## Provided information
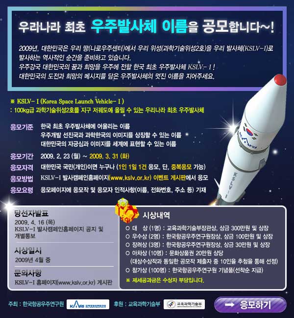 응모하기 : 여기를 클릭하여 KSLV-1 홈페이지로 가서 응모하세요~`
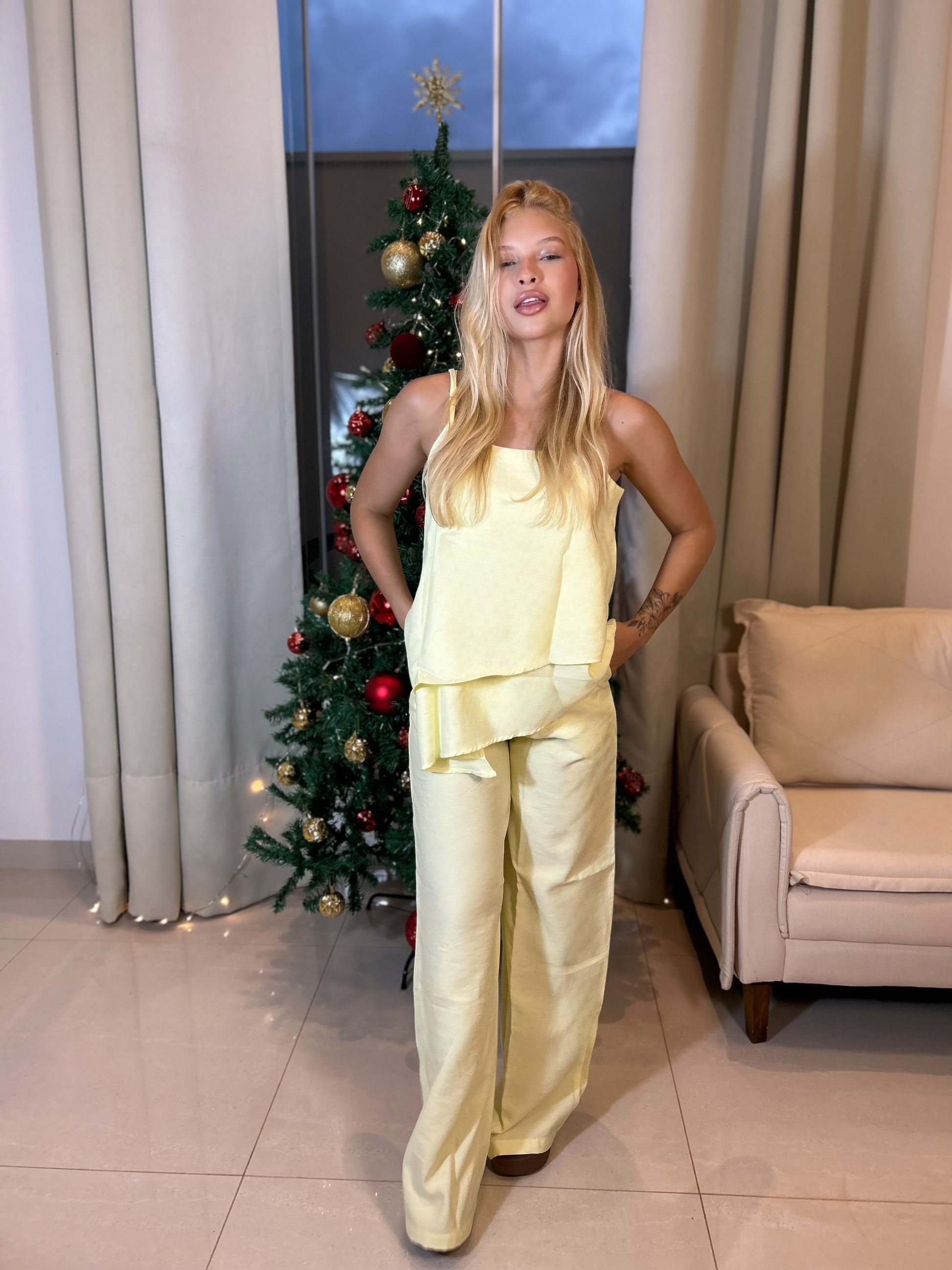 O conjunto Sunny é a definição de atemporal e elegante ao mesmo tempo. Composto por blusa de alcinhas com caimento solto e babado e calça pantalona, ele traz movimento.
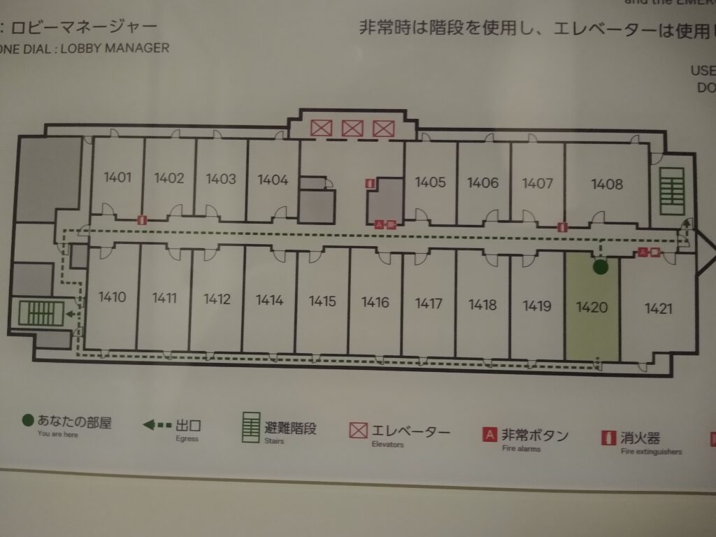 私が予約した部屋は↑の1405室あたりの広さなので、だいぶん広い部屋にアップグレードされています
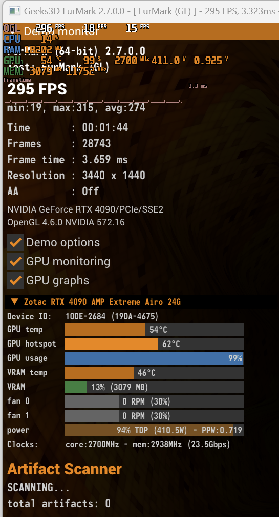Bei meiner 4080 bin ich in FurMark gleich bei 320 Watt Boardleistung. Da taktet die Karte nur bis 2000 MHz. Beim Gaming habe ich immer 2700 MHz.
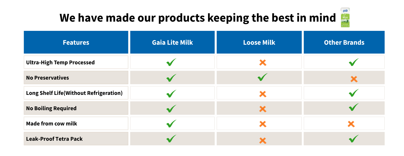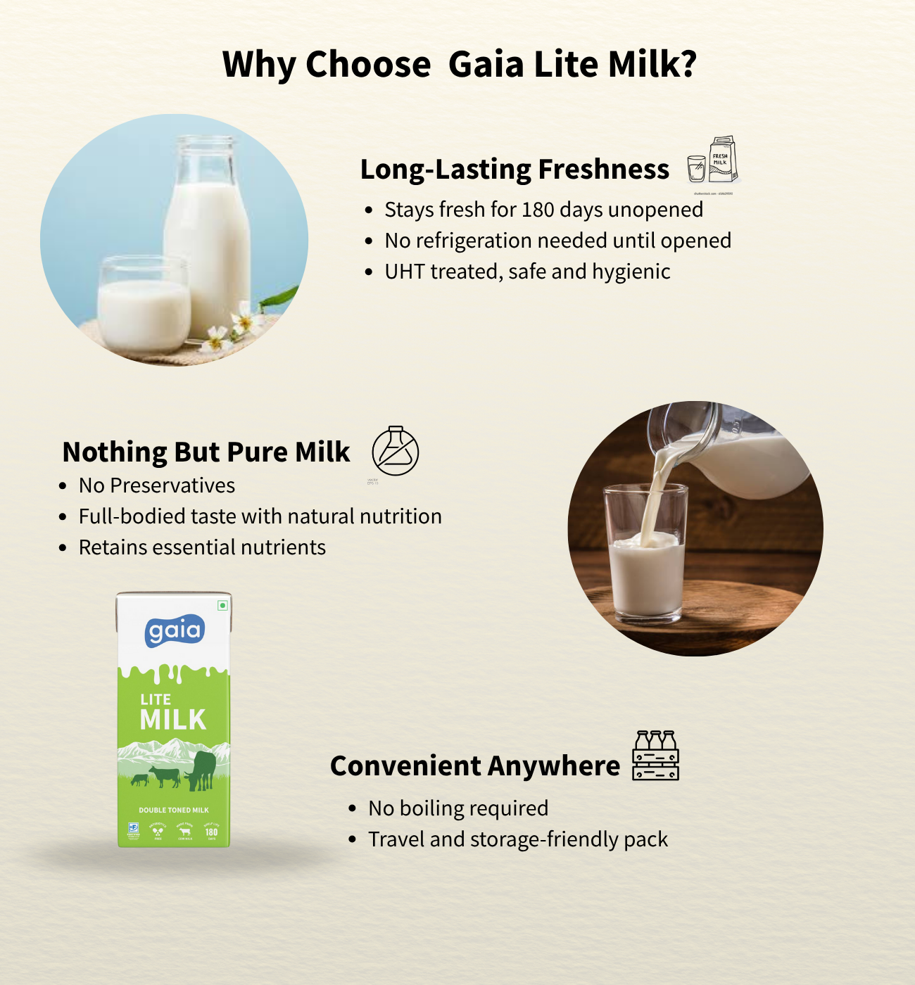LiteMilk is carefully packaged in a premium tetra pack, preserving its freshness, purity, and extended shelf life without requiring refrigeration until opened. Through Ultra-High Temperature (UHT) processing, harmful bacteria are eliminated while keeping essential nutrients intact, making it a reliable and healthy option. It contains no added water, milk powder, preservatives, or chemicals, providing the full, natural taste of fresh milk. The easy-to-carry, leak-proof packaging makes it ideal for travel. No need to boil—just open and enjoy. Once opened, store in the refrigerator and consume within two days.
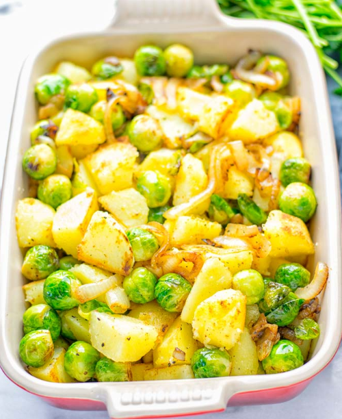 These Garlic Brussels Sprouts Potatoes are completely veggie lover, gluten free, thus simple to make. An ideal warming dish for the Christmas season, yet additionally throughout the entire year.
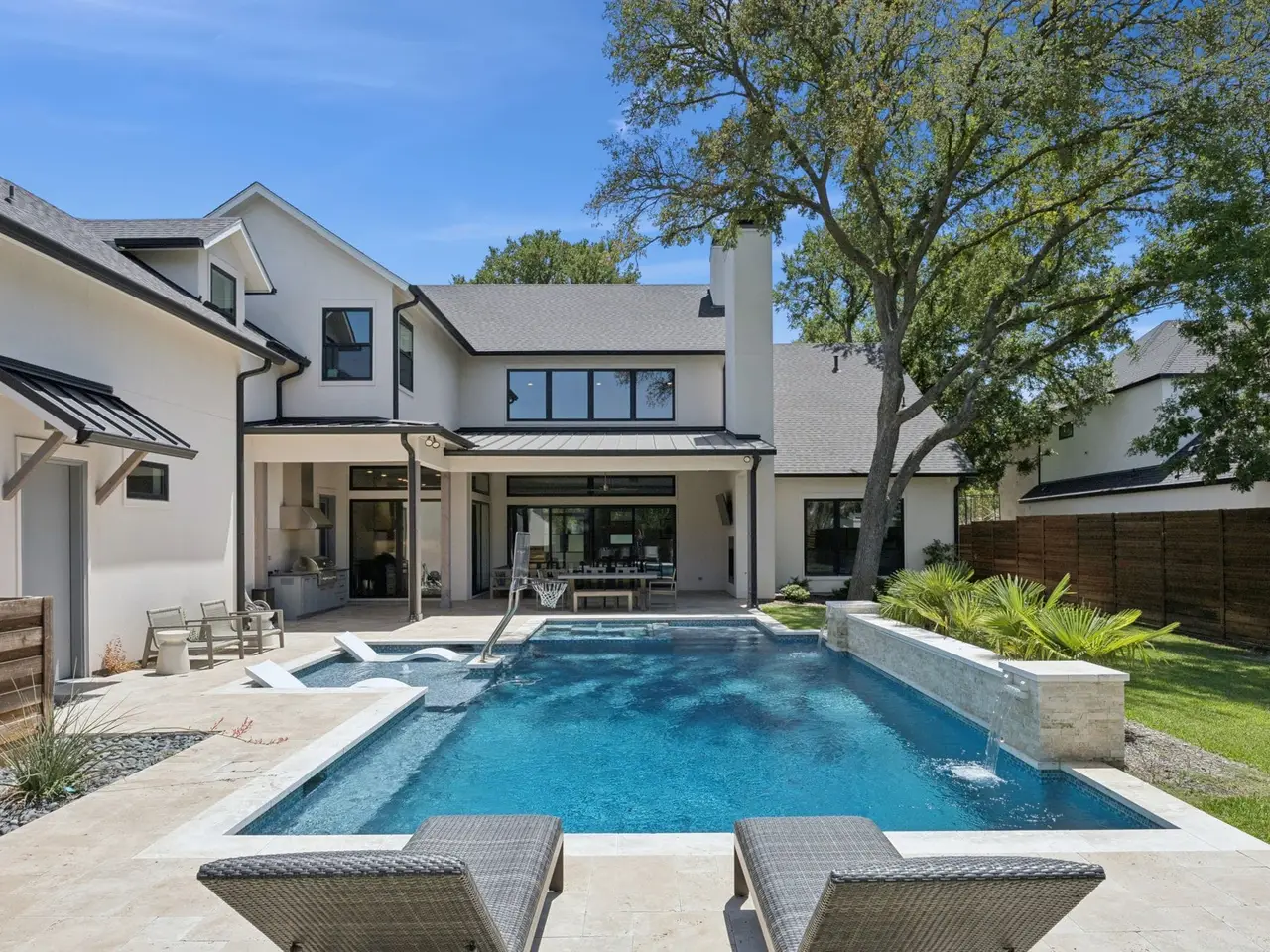 Do not miss this opportunity to own an exclusive Desco Custom Home that shows like brand new in the exclusive North Dallas' Melshire Estates inside the Preston Hollow vicinity. Step inside this immaculate 6,500 square foot estate on a half-acre corner lot with a four-car garage plus five bedrooms, six full baths, one half bath plus a huge bonus room that could be a 6th bedroom! Entertain in the incredible chef's kitchen with an oversized island, high-end stainless appliances, plus a sophisticated, private catering kitchen! Excellent resale value with the downstairs primary suite with a 350 square foot stunning closet plus a downstairs guest suite, a private executive study, a media room and wet bar. Upstairs you will find the other three bedrooms each with their own private bathroom and fabulous playroom which could be another living space plus the huge bonus room that could be an oversized 6th bedroom! This home has tons of storage and walk-in attic spaces! And yes, for the car enthusiast, 5861 Meletio feautures the best of the best garage from the floor treatment to the top of the immaculate 4 car garage at its own 1,263 sq ft alone! The almost brand new pool awaits with waterfalls, HUGE backyard space, as well, plus two covered patios: one for living (23 x 16) with a wood burning fireplace, and the other for grilling (11 x 14) with Coyote grill. Ready to entertain a crowd or simply enjoy your own private luxury retreat!

## What the task requires
Using the listing above, restate exactly the range between the lines holding "Bei meiner 4080" and "LiteMilk is carefully", inclusive, with pictures left out.

## Task result
Bei meiner 4080 bin ich in FurMark gleich bei 320 Watt Boardleistung. Da taktet die Karte nur bis 2000 MHz. Beim Gaming habe ich immer 2700 MHz.
LiteMilk is carefully packaged in a premium tetra pack, preserving its freshness, purity, and extended shelf life without requiring refrigeration until opened. Through Ultra-High Temperature (UHT) processing, harmful bacteria are eliminated while keeping essential nutrients intact, making it a reliable and healthy option. It contains no added water, milk powder, preservatives, or chemicals, providing the full, natural taste of fresh milk. The easy-to-carry, leak-proof packaging makes it ideal for travel. No need to boil—just open and enjoy. Once opened, store in the refrigerator and consume within two days.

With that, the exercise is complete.